An Illinois-based meat processing company and its temporary staffing agency resolved a lawsuit alleging the companies conspired to discriminate against Black job applicants.

Illinois Attorney General Kwame Raoul on Oct. 14 announced consent decrees resolving his lawsuit involving Mistica Foods and Specialized Staffing; the lawsuit alleged a pattern of discrimination against Black workers and job applicants who sought employment at Mistica through Specialized.

Mistica, a meat processing company with facilities in Addison and Lyons, Illinois, hires workers indirectly through temporary staffing agencies, including Specialized, an Illinois-based temporary staffing agency. The alleged discriminatory conduct resulted in hundreds of Black workers and job applicants being denied gainful employment at Mistica, according to Raoul.

The lawsuit alleged that over the course of at least four years, Mistica has instructed its temporary staffing agencies not to assign Black workers to Mistica and that Specialized Staffing, which supplied the majority of Mistica’s workforce, has complied with these discriminatory requests. According to the lawsuit, Mistica supervisors made negative comments about the work ethic of Black individuals and expressed to Specialized that the company’s preference was not to hire Black individuals. The lawsuit also alleges that when Specialized assigned Black workers to Mistica, the company dismissed them without giving a reason.
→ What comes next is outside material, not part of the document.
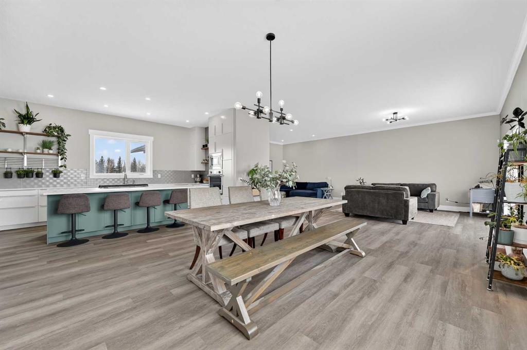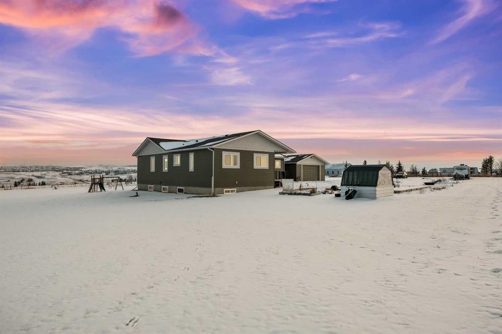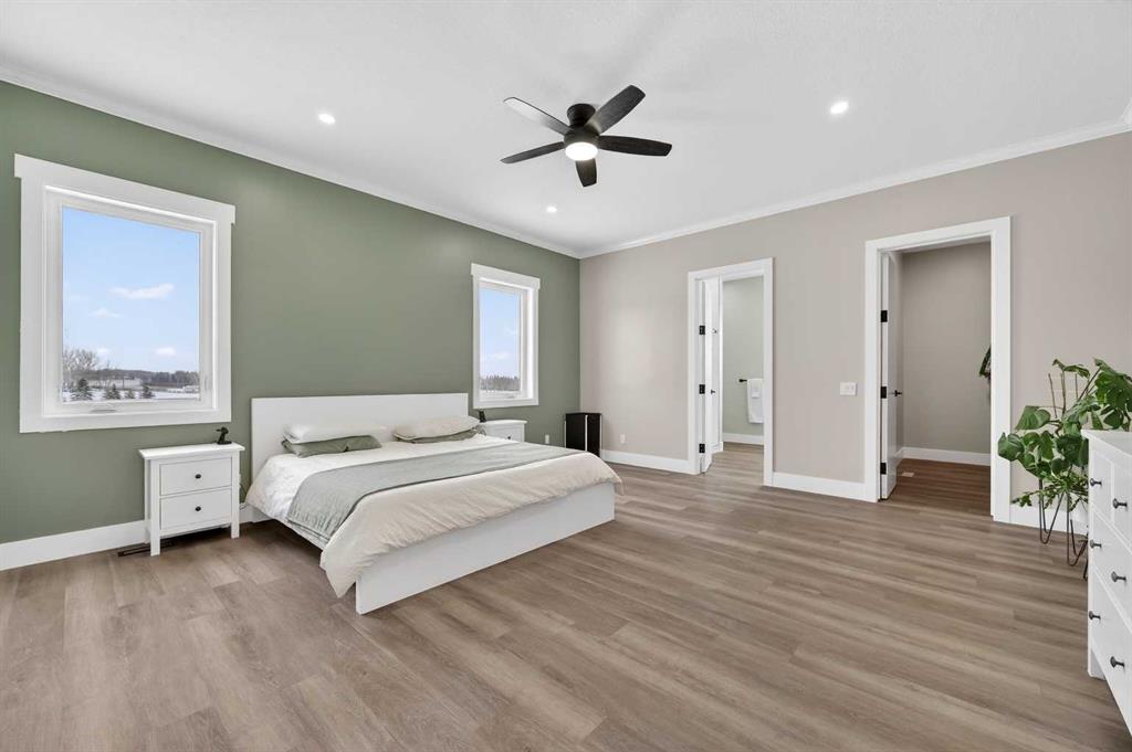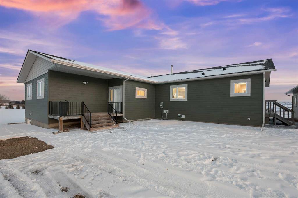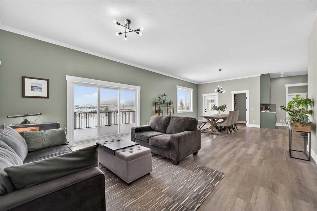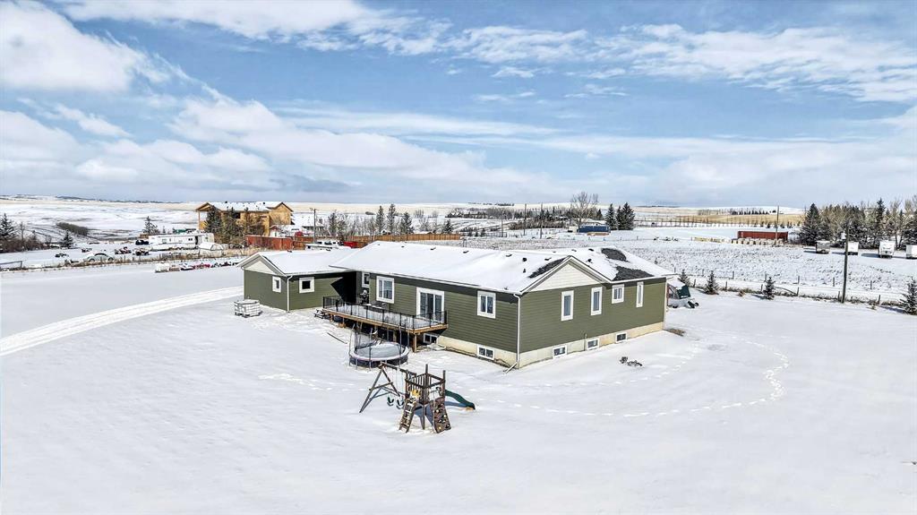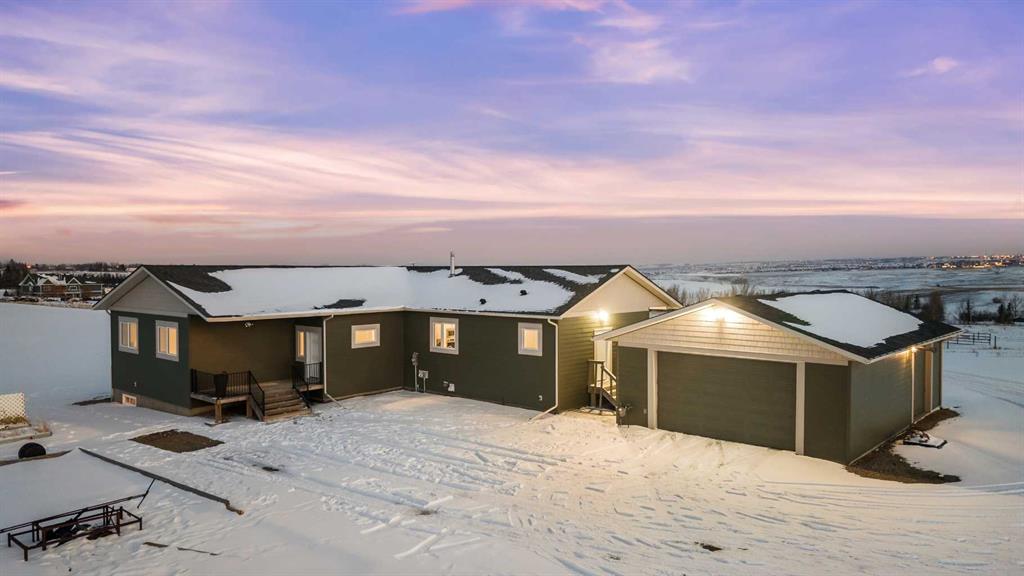 Experience modern luxury acreage living with breathtaking city views, refined design, and extensive upgrades, all set on 5+/- acres just minutes to Calgary, Airdrie, CrossIron Mills, and the airport. Offering 2623 sqft on the main floor, 3 beds, 3 baths, and a triple car garage with radiant heat, this property delivers the perfect blend of comfort, functionality, and elevated style. Step inside to a bright, welcoming entryway that opens into a thoughtfully designed layout featuring NEW vinyl plank flooring throughout and 10’ knockdown ceilings with crown molding across the main floor. Expansive NEW windows throughout the home capture incredible natural light while showcasing the surrounding landscape and distant city skyline. The chef-inspired kitchen is a true focal point, complete with quartz countertops throughout, SS appliances, a flush gas cooktop with downdraft ventilation, reverse osmosis, wall oven and microwave, under-mount farmhouse SS sink, and a spacious walk-in pantry. The impressive 8’ centre island with eating bar and additional storage is ideal for both everyday living and entertaining. A stylish coffee station/dry bar with beverage cooler, floating shelves, and extensive cabinetry further elevate the space. The open-concept living room is anchored by a stunning custom feature wall with built-in cabinetry, creating warmth and architectural interest. The generous dining area is flooded with sunlight from large south-facing windows and offers seamless access to the NEW deck, where panoramic views provide the perfect backdrop for relaxing evenings or hosting. The primary retreat is exceptionally spacious and designed for comfort, featuring a luxurious 4-piece ensuite with a fully tiled floor-to-ceiling walk-in shower, oversized quartz vanity with dual sinks, and modern finishes. Two additional bedrooms are both generously sized and include built-in closets. The 5-piece main bath offers a spa-like feel with a stand-alone tub, second fully tiled walk-in shower, and another oversized dual-sink quartz vanity. Function meets convenience with a laundry room and 1/2 bath located off the garage entry, along with a well-designed boot room featuring built-in cabinetry, drawers, coat hooks, and bench seating. The unfinished basement with 9’ ceilings provides incredible potential for future development, whether you envision additional living space, a home gym, or entertainment area. Extensive upgrades ensure peace of mind and efficiency, including NEW triple pane windows throughout the main floor, NEW basement windows, NEW Hardie board siding, NEW Class 4 shingles, and the complete absence of Poly B plumbing. The home is also a proud recipient of the Greener Homes Grant, adding further value and energy efficiency. Outside, the property is beautifully established and thoughtfully landscaped.This is a rare opportunity to own a turnkey acreage that offers space, style, and convenience—all in one exceptional location with stunning views and easy access to the city.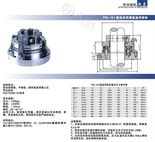 FM-151型徑向雙端面釜用密封

“The discriminatory treatment by Mistica resulted in an intimidating and hostile working environment for those African-American laborers assigned to Mistica,” the lawsuit stated. “African-American laborers who complained about discriminatory treatment by Mistica supervisors were asked not to return to Mistica facilities. Thus, the culture at Mistica facilities was such that if African-American laborers raised issues with Mistica supervisors, this marked the end of their work at Mistica and possibly the end of their employment with their respective staffing agency for the foreseeable future.”

Mistica will pay $270,000 in civil penalties under the consent decrees and Specialized will pay $180,000. Both Mistica and Specialized are also required to take steps to increase the number of Black employees assigned to Mistica, including participating in career fairs at predominantly Black communities and advertising job openings on radio stations with predominantly Black listeners.

Both firms are also required to follow model record-keeping practices designed to track the race of workers assigned to Mistica, as well as the applicants that Specialized considers for assignment to Mistica. Mistica has agreed to do business only with staffing agencies that follow those record-keeping practices. Mistica and Specialized are also obligated to follow strict reporting requirements for the duration of the consent decrees that will allow the Attorney General’s office to monitor the companies’ compliance. In addition, employees and supervisors at both companies will be required to undergo bias trainings.

“Using temporary staffing agencies to engage in race-based discrimination unfairly keeps entire communities out of the labor market and denies them the opportunity earn a fair wage,” Raoul said. “I am committed to taking action to stop pervasive discrimination wherever we find it, because Illinois workers should have equal opportunities for employment regardless of race, sex, or other protected grounds — particularly at a time when many residents are unemployed or underemployed as a result of the pandemic.”